WORK TO BE COMPLETED
Leaving every picture out, please return exactly the lines from the top of the material below through the line with "- расходы масла, протекающего", both included.

DATASET EXTRACT
******
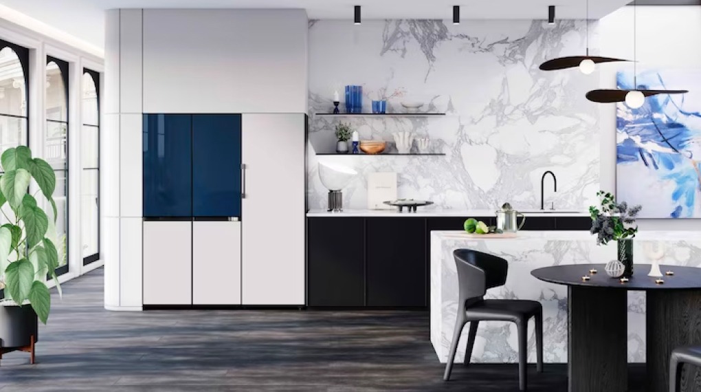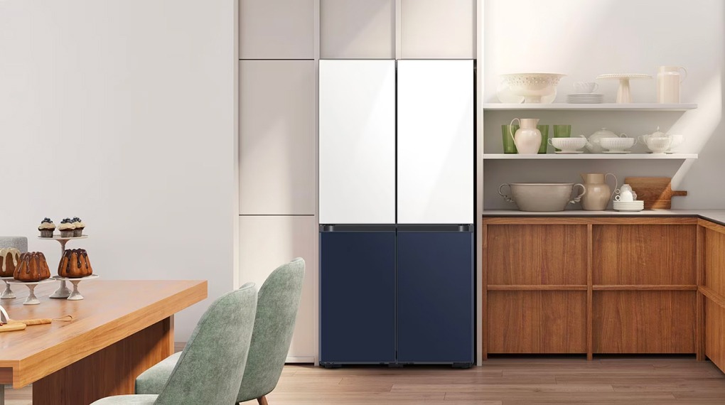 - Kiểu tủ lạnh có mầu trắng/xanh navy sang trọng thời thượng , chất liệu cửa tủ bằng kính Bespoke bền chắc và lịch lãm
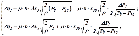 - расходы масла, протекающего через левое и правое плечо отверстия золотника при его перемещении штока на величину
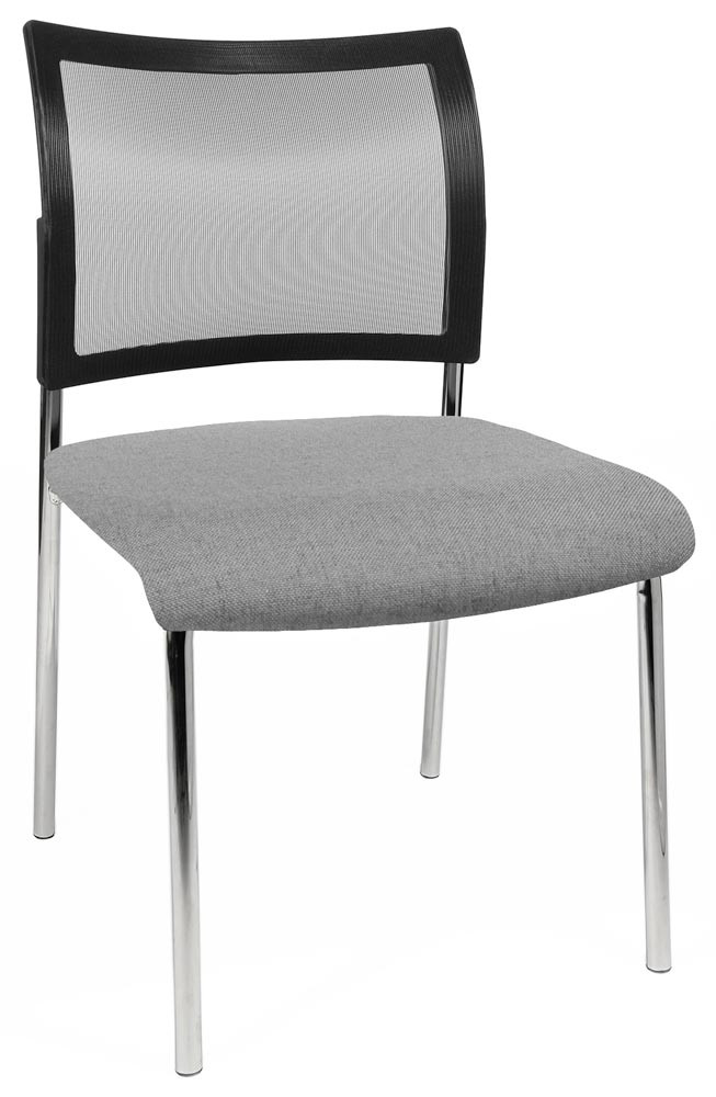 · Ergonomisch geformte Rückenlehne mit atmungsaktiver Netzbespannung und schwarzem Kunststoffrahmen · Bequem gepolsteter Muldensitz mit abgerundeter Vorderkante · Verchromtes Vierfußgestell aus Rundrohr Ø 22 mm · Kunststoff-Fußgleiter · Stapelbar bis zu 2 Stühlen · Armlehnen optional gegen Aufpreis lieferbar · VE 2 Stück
******
RESPONSE BOX
 - Kiểu tủ lạnh có mầu trắng/xanh navy sang trọng thời thượng , chất liệu cửa tủ bằng kính Bespoke bền chắc và lịch lãm
 - расходы масла, протекающего через левое и правое плечо отверстия золотника при его перемещении штока на величину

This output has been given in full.